Pharmaceutical procurement, acceptance and sales records, should indicate the generic name of the drug, manufacturer, dosage form, specifications, batch number, expiration date, approval number, purchase and sale of units, purchase and sale of quantities, purchase and sale of prices, purchase and sale of the date of content. Drug acceptance records should also indicate the acceptance of the quality of the situation and processing opinions, and acceptance of the signature of the personnel to confirm.
Pharmaceutical purchases, acceptance and sales records should be kept until more than one year of drug expiration date, and shall not be less than three years. Article X drug production, operation and use of units and enterprises engaged in drug logistics business transportation, storage of drugs should be carried out in accordance with the requirements of the product specification, with the appropriate shade, refrigeration, light, ventilation, anti-freezing, moisture-proof, insect-proof, dust-proof, rodent-proof facilities and other conditions, and temperature, humidity control equipment, and the establishment of drug monitoring, maintenance records. Article XI of the drug business enterprises also operating non-pharmaceutical products, drugs and non-pharmaceutical products should be displayed in separate areas and counters, and set up obvious signs. Article XII of the drug packaging, labeling, instructions and related promotional materials indicated indications or functions, shall not exceed the scope approved by the State Drug Administration.
Non-pharmaceutical products shall not be labeled with the common name of drugs, their instructions, labels and packaging identification shall not involve the indications of drugs or the content of the function. Article XIII of the medical institutions shall be equipped with and use of essential drugs in accordance with national regulations.

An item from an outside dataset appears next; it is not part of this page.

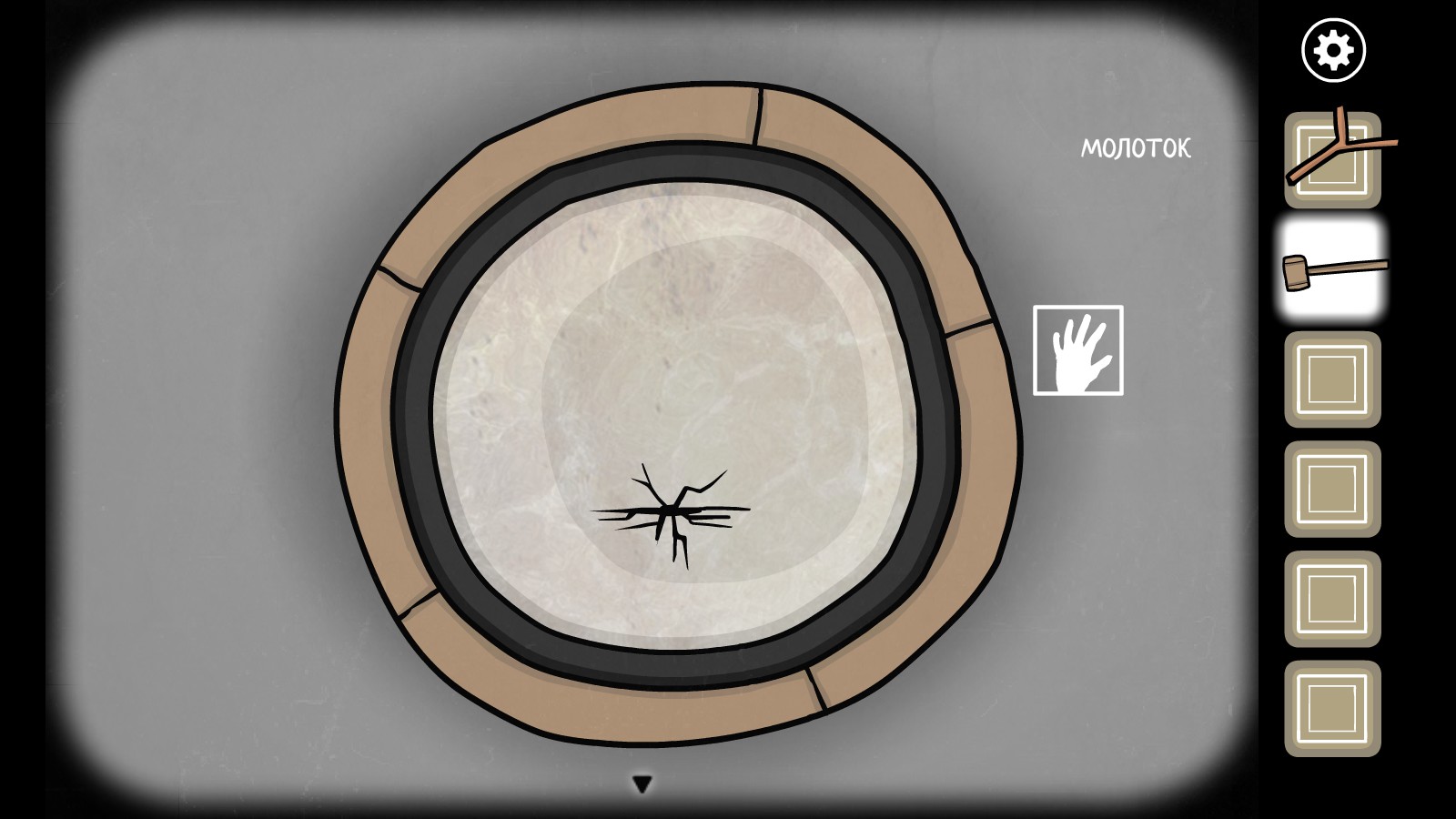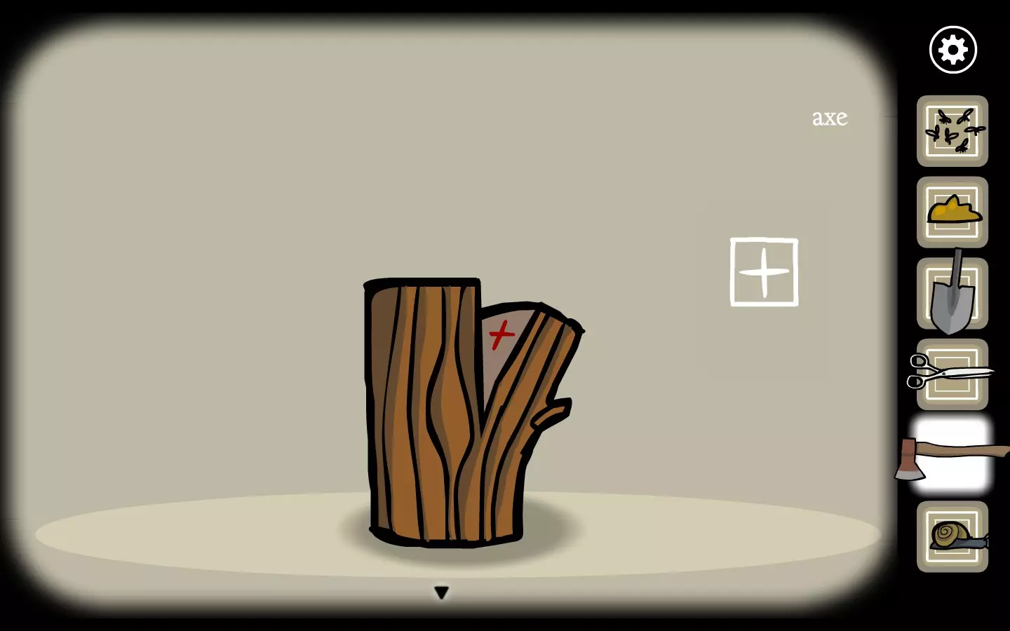 现在使用斧头并多次点击它(大约5到10次),最终它会裂开并掉落第三个符号。

Medical institutions to provide patients with medicines should be based on the unit's physician's prescription. Patients request a paper prescription, medical institutions must provide.
Medical institutions shall not sell or disguise the sale of drugs by mail, open counter self-selection, trial. Article XIV of the use of drugs set up by the pharmacy or medicine cabinet, shall have the appropriate personnel, premises, equipment, storage facilities, sanitary environment and other conditions to ensure the safety of patients with medication, and to comply with the relevant competent departments of the provincial people's government formulated the quality of the use of medicines management standards. Article XV of the drug retail enterprises and drug use units to dispense drugs, packaging materials, containers and working environment, shall meet the health and quality and safety requirements of drugs.
Pharmaceutical retailers and pharmaceutical units of the smallest package of drugs zero, should make a good record of zero, and will be packaged, labeled and instructions to save until the sale or use of drugs finished. Drugs after the fragmentation of the contents or the surface of the packaging should indicate the generic name of the drug, dosage form, specifications, batch number, usage, dosage, duration of use and other content.